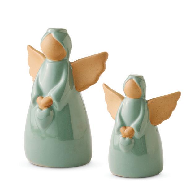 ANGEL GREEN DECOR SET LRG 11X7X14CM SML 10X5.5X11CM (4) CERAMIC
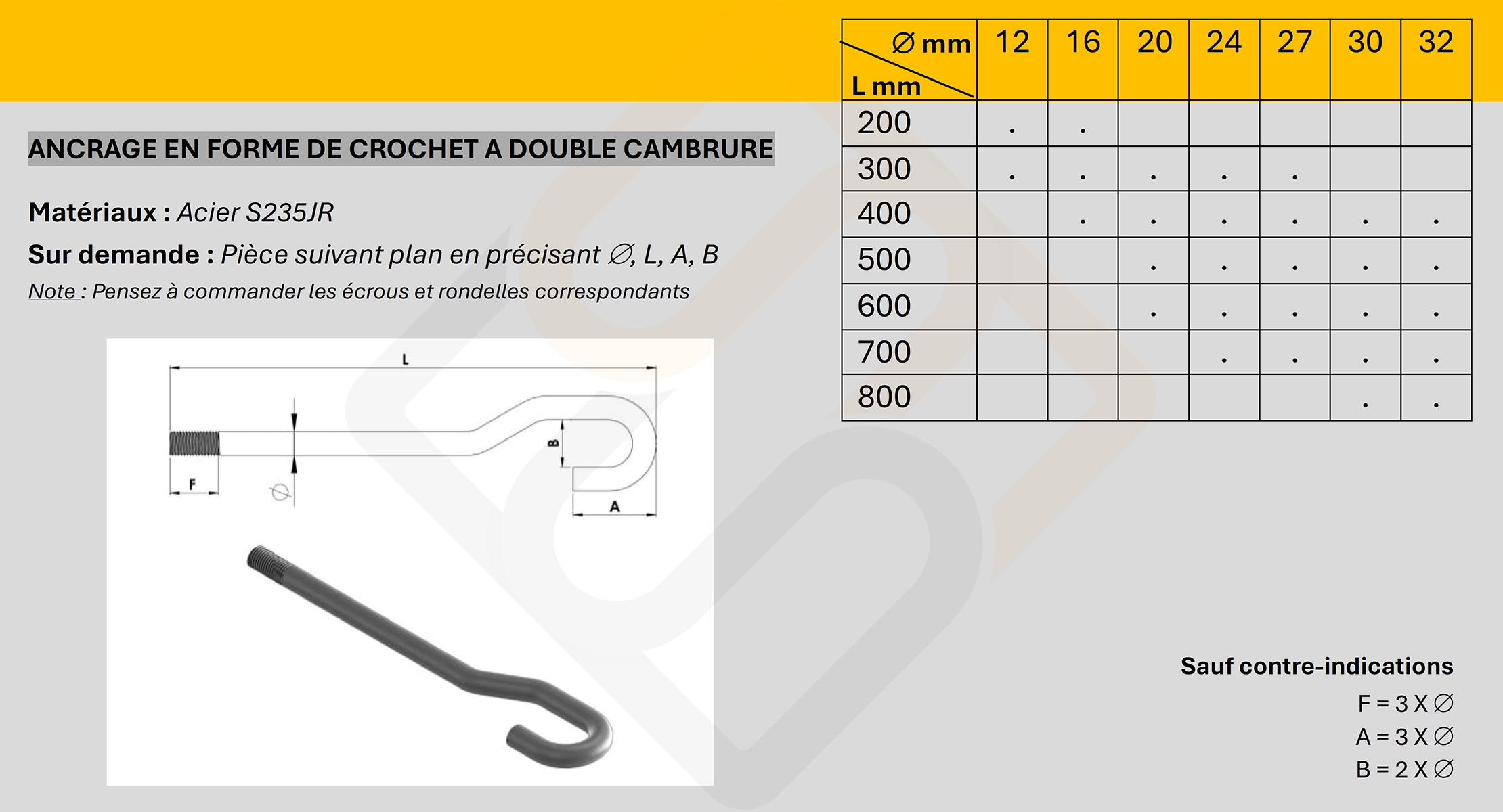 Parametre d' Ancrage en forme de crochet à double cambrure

* * *

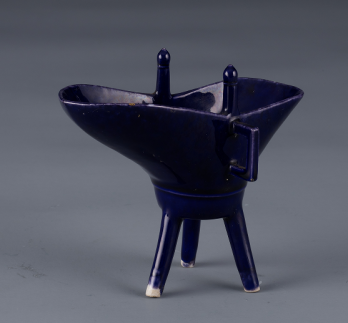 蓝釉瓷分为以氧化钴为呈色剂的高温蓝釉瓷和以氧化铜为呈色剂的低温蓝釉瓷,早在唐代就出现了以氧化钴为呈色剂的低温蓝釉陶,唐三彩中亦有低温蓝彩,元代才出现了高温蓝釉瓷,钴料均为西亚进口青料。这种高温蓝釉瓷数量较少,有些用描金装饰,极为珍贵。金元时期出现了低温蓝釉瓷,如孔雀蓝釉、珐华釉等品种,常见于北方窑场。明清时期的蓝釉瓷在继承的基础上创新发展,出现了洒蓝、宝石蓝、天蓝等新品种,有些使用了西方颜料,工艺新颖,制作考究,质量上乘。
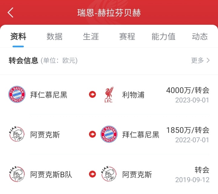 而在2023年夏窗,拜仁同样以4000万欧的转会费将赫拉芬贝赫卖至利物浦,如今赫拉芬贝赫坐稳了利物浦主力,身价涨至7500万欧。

WORK INSTRUCTION.
Once the line with "ANGEL GREEN DECOR" is found above, print it and every line after it through the line with "Parametre d' Ancrage", exactly. Pictures stay out.

THE COMPLETED TASK.
 ANGEL GREEN DECOR SET LRG 11X7X14CM SML 10X5.5X11CM (4) CERAMIC
 Parametre d' Ancrage en forme de crochet à double cambrure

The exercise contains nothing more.